A TOTAL SUFICIÊNCIA DA BÍBLIA SAGRADA COMO REGRA DE FÉ E PRÁTICA

"Sola Scriptura", ou "Somente a Escritura". Trata-se de um dos princípios basilares da Reforma Protestante. Sola scriptura reconhece a presença e permite o uso da história, linguagem, estudo contextual, patrística e estudiosos na interpretação dos textos Bíblicos.
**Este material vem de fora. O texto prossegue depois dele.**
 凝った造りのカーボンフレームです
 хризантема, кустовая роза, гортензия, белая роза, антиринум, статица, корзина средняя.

No entanto, qualquer interpretação proposta deve ser feita SEMPRE de acordo com o padrão das Escrituras, isto é, "a Bíblia se interpreta pela própria Bíblia". Os escritos de teólogos piedosos, as decisões dos conselhos eclesiásticos e tradições transmitidas através dos tempos - embora não necessariamente inúteis em si mesmas - não atingem o padrão de supremacia das Escrituras. A palavra de Deus é sempre a palavra final.

Aqui, a Escritura é seu próprio intérprete (sui ipsius interpres), ela é clara em sua própria mensagem (claritas), ainda que determinadas passagens sejam obscuras e somente ela é juiz, norma e regra (iudex, norma et regula). Noutras palavras, toda a Escritura - Antigo e Novo Testamentos - é norma normativa (norma normans, regra que regula) por excelência. Todo o demais pode vir a ser, no máximo, norma normada (norma normata, regra que é regulada).
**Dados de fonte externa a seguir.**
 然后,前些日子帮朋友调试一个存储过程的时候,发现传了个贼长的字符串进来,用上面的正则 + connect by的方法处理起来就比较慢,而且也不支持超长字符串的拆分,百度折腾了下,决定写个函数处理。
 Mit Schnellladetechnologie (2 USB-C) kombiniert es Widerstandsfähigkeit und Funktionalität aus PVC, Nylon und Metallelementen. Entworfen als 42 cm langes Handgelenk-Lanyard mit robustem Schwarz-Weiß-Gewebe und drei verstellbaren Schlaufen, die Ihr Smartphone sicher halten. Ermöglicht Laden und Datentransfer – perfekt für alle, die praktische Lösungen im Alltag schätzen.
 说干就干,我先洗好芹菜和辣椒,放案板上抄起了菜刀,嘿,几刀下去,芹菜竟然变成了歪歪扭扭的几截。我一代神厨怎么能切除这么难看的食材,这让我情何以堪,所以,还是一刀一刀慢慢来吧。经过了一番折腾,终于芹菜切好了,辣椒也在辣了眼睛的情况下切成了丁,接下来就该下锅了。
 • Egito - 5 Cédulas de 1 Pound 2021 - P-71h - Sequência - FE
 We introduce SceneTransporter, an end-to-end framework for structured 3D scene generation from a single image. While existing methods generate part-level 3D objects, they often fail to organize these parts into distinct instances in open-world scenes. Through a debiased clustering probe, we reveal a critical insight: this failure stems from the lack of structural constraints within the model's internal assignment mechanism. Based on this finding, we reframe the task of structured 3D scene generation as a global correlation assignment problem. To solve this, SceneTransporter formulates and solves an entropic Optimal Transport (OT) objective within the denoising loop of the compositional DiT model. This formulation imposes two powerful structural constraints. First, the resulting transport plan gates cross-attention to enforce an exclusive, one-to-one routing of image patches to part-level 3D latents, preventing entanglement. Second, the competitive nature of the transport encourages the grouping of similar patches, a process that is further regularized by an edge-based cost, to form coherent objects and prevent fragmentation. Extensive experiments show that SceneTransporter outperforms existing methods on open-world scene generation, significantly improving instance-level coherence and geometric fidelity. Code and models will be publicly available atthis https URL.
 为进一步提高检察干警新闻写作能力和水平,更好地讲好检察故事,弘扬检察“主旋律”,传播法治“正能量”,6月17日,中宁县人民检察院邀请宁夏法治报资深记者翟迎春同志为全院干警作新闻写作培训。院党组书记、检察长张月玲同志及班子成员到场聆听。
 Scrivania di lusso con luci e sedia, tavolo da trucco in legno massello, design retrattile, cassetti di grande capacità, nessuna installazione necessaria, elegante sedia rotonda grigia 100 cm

Outro termo semelhante é "Prima Scriptura", ou "A Escritura Primeiro". A idéia é que as Escrituras não são a única regra de fé na igreja, ainda que sejam a autoridade máxima quanto a esse mister. Refere-se a primazia das Escrituras, sendo elas ocupando posição de destaque entre as tradições e as decisões eclesiásticas, embora essas também possuam alguma autoridade juntamente com Escritura. Este ensino decorre da idéia de que quando os apóstolos fundaram a igreja, eles deixaram um conglomerado de ensinamentos, tanto escritos e não escritos, onde a a parte escrita tornou-se Escritura. Portanto, enquanto há tradições e crenças extra-bíblicas, as Escrituras é que possuem mais autoridade entre eles. No entanto, porque acredita-se que as Escrituras, tradições e autoridade da igreja vêm todos da mesma fonte (isto é, Cristo e os apóstolos), todos eles carregam diferentes graus de importância.
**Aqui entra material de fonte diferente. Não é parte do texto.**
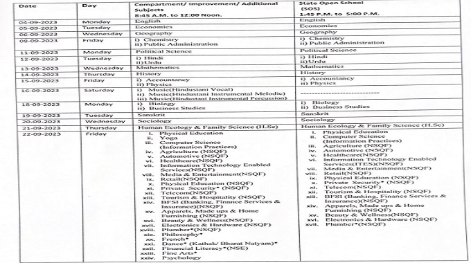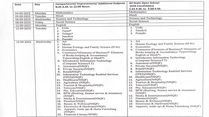 Following are the dates for other exams - September 13 - Maths, September 14 - History, September 15 - Accountancy and Physics, September 16 - Music, September 18 - Biology and Business Studies, September 19 - Sanskrit, September 20 - Sociology, September 21 - Human Ecology and Family Science and on September 22 - there will be Physical Education, Yoga, Computer Science, Agriculture, Automotive, Healthcare, Information Technology Enabled Services, Physical Education, Private Security, Telecom, Tourism and Hospitality, BFSI, Apparels, Made ups and Home Furnishing, Beauty and Wellness, Electronics and Harware, Plumber, Philosophy, French, Dance, Financial Literacy, Fine Arts, and Psychology.
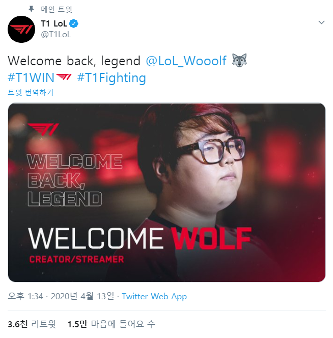 T1 레전드이자 은퇴 후 악성페까로 악명 높았던(?) 울프가 선수가 아닌 스트리머로서 친정팀에 돌아왔습니다. 많은 분들이 이 소식을 접하고는 기뻐하며 소식을 공유하는 것이 보기 좋네요.
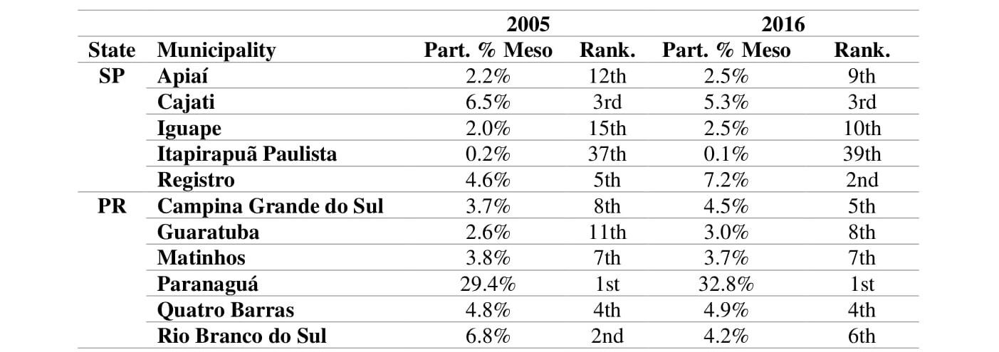 Regarding the participation of the primary GDP of each municipality relative to the primary GDP of the Differentiated Mesoregion of Ribeira Valley/Guaraqueçaba, Barra do Chapéu (SP), Barra do Turvo (SP), Cananéia (SP), Iguape (SP), Ilha Comprida (SP), Iporanga (SP), Jacupiranga (SP), Pariquera-Açu (SP), Ribeira (SP), São Lourenço da Serra (SP), Sete Barras (SP), Adrianópolis (PR), Campina Grande do Sul (PR), Guaraqueçaba (PR), Guaratuba (PR), Itaperuçu, Matinhos (PR), Morretes (PR), Paranaguá (PR), and Pontal do Paraná (PR) were the municipalities that improved their position in the ranking.
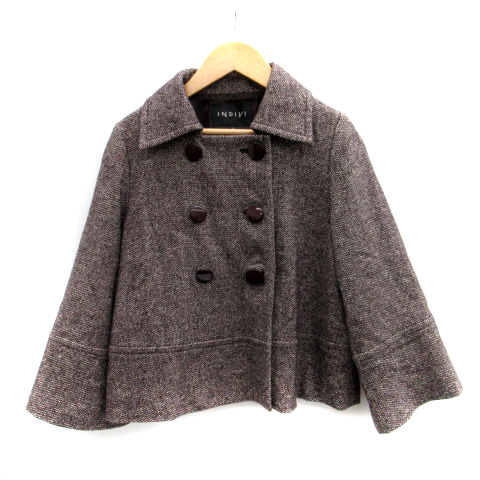 インディヴィ INDIVI ステンカラーコート ショート丈 ダブルボタン ウール シルク混 36 ブラウン 茶 /SM30 レディース
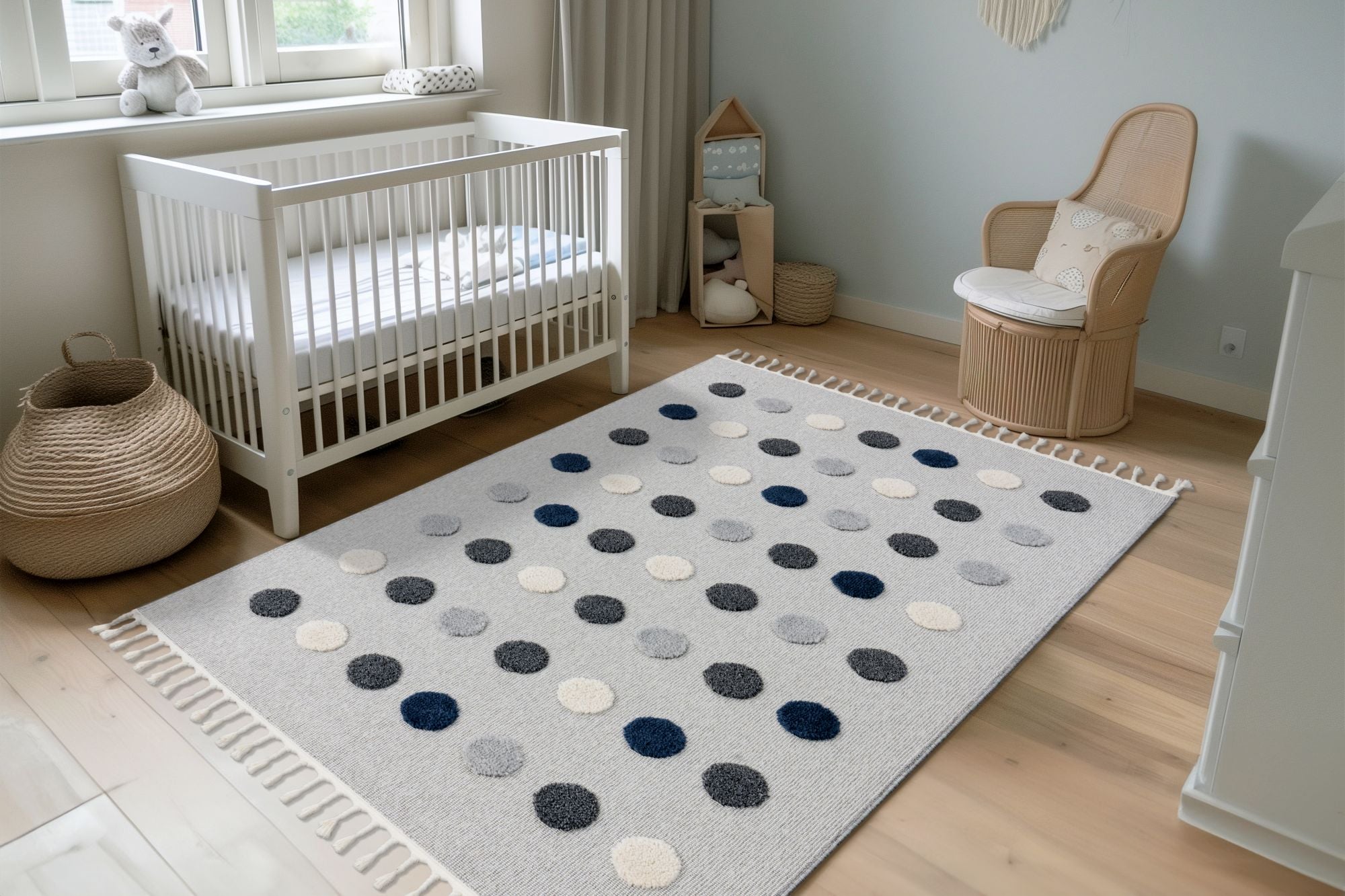 Der Fano 394 ist der perfekte Teppich für alle, die auf der Suche nach einem modernen und verspielten Design sind. Die graue Farbgebung und das gepunktete Muster verleihen deinem Raum eine gemütliche, aber dennoch stylische Atmosphäre. Der Kurzflor mit einer Florhöhe von 9 mm bietet Komfort und eine pflegeleichte Oberfläche. Mit einer Grammatur von 2200 g/m² und der maschinengewebten Qualität ist der Teppich besonders robust und langlebig. Ideal für verschiedene Raumgrößen, da er in mehreren Größenvariationen erhältlich ist.
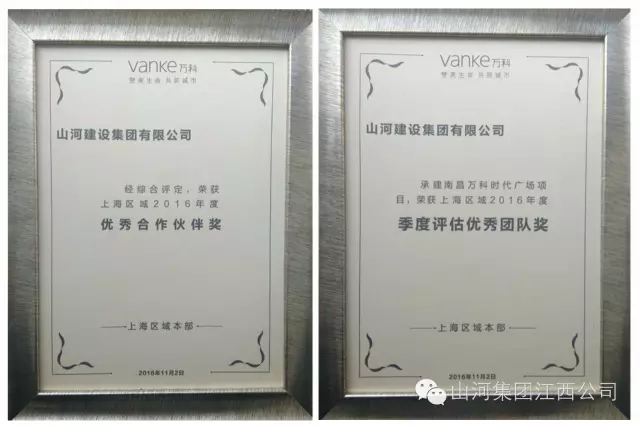 山河集团喜获万科上海区域年度“优秀合作伙伴奖”和“季度评估优秀团队奖”两项殊荣,这也是南昌万科总承包单位近年来首次获此殊荣。
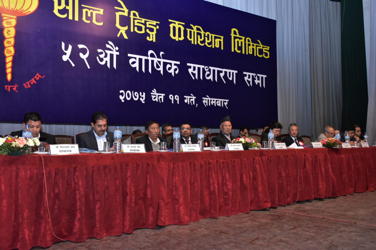काठमाडौं । साल्ट ट्रेडिङ्ग कर्पोरेशन लिमिटेडको ५२ औं वार्षिक साधारणसभा आज सम्पन्न भयो । उक्त
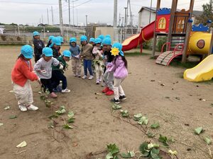 のぞみ組はお芋に興味津々!お芋のつるを引っ張れました。

Por fim, há ainda o termo "Sola Ecclesia", ou "Somente a Igreja". Refere-se a doutrina que ensina que a igreja é a única autoridade e regra de fé, e tudo é decidido por meio do corpo eclesiástico. Os Testemunhas de Jeová, os Mórmons e algumas seitas neo-pentecostais (e até algumas Igrejas mais tradicionais...) seguem esse ensino, onde a palavra do líder (ou do corpo de líderes) é superior até mesmo às Escrituras. Estas são interpretadas segundo o entendimento daquele líder, sem nenhum compromisso com o texto ou o contexto da Bíblia.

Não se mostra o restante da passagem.